The following morning—Saturday—after making breakfast, and washing up, and preparing the vegetables for lunch, Draco sets out on one of his foraging missions, sifting through those parts of the Manor that aren’t either blighted by Fiendfyre, or teetering on the edge of collapse, or buried beneath a ton of fallen masonry.

By midday, his haul includes a set of silver spoons, only slightly tarnished (which he thinks he’ll be able to clean up and sell); a porcelain vase, miraculously still intact (ditto); and a book on Advanced Potions (which he can still read, even if he’s not allowed to practise potion-making any more).

He’s already on his way back to the kitchens when, in the remains of the Entrance Hall, he spots a glint of gold and—with high hopes—he clears away a pile of wood, to find nothing but an old oil painting, in a battered gilt frame.

He lifts the picture up, and turns it over.

“Hello, dear,” says its occupant.

Draco pulls out his handkerchief and carefully wipes a smear of soot from her nose.

“Thank you, dear.”

He recognises her, of course—she’s Sophonisba Malfoy, wife of Abraxas Malfoy, mother of Lucius Malfoy, and his own paternal grandmother.

“I’m sorry you’ve been left lying here so long, Grand-mama,” he says.

“Oh, I’m fine, dear.” She smiles with that genuine-looking warmth that only a very old lady—or, sometimes, Granger—can pull off. “How are you?”

He shrugs.

“Oh dear,” she says, making herself more comfortable. “Tell Grand-mama what’s wrong.” And she gives him another of her worryingly kind smiles.

Draco sighs, and sits down on a marble step, and he doesn’t even know what he’s going to tell her until he starts talking—and then he tells her everything.

“Lucius always was a drama queen,” says his grandmother. “Take me to him, dear, and I’ll sort him out. And then we’ll set to work on you.”

...

After thirty minutes shut up with his mother’s portrait, Lucius emerges from his bedroom washed and dressed, rouses his wife, and takes her for a walk in the devastated grounds.

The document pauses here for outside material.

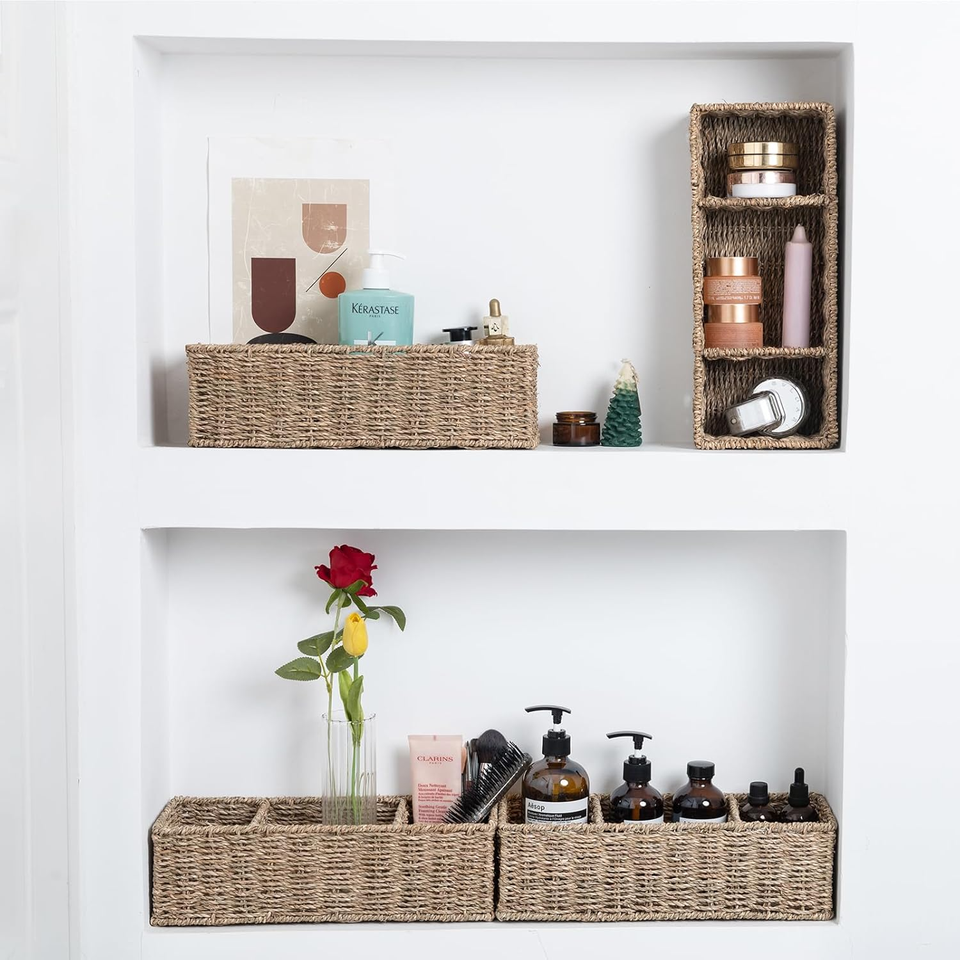 Product Name:3-compartment seagrass basket for bathroom

To plot his counter move, thinks Draco. And he can’t help wondering if Grand-mama’s intervention is really going to make things any better on the father front.

“Now, dear,” says his grandmother, “we need to get you ready.”

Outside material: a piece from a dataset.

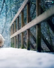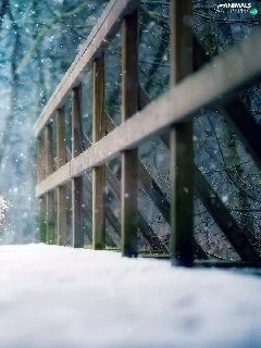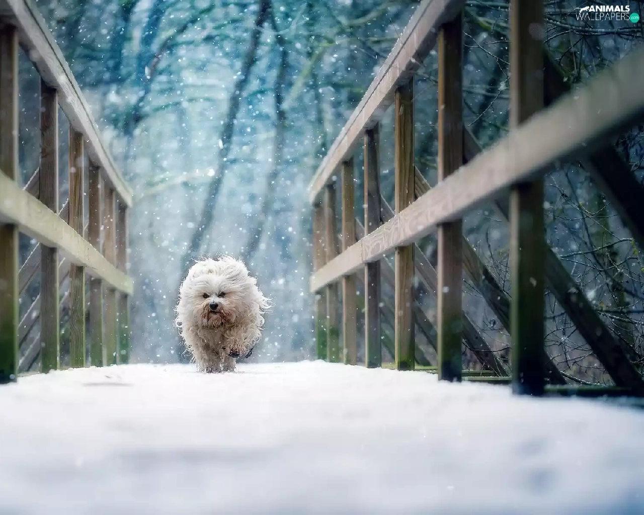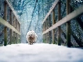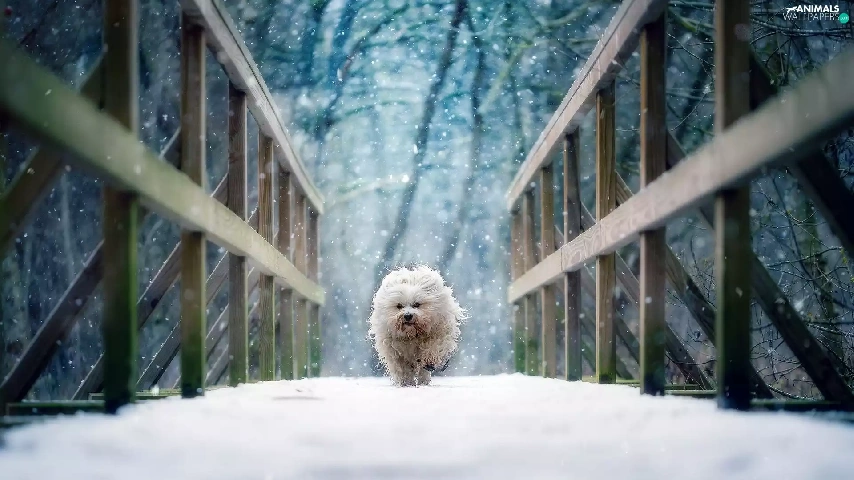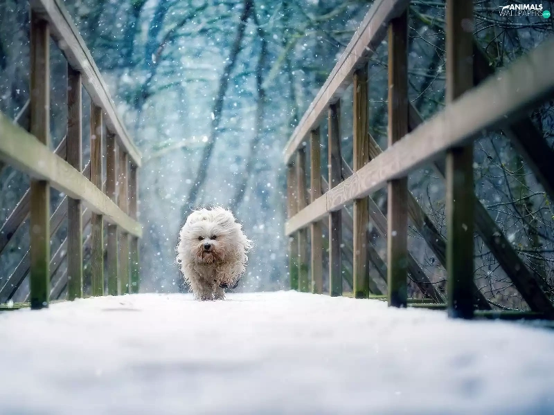 winter, dog, Havanese, bridge

Draco dries the last of the lunch plates, and sets it on the table. “Ready for what?”

“The Ball tonight.”

Draco shakes his head. “It’s not a Ball, Grand-mama, it’s a party—a Muggle-style thing. And I’m not going.”

“Nonsense, dear. Of course you’re going.”

“I can’t, Grand-mama. I’ve no way of getting there, and—even if I had—I’ve only one decent set of clothes, which I wear to work. I couldn’t—”

“Let me see what you’re wearing now, dear. Come here.”

Draco hangs up the tea towel and, with a sigh, stands like a statue in front of his grandmother’s portrait.

She draws her painted wand.

“That isn’t going to work, Grand-mama.”

“Oh, pish-posh,” she clucks. Then she points the wand at him, and mutters, “Commuto Vestis.”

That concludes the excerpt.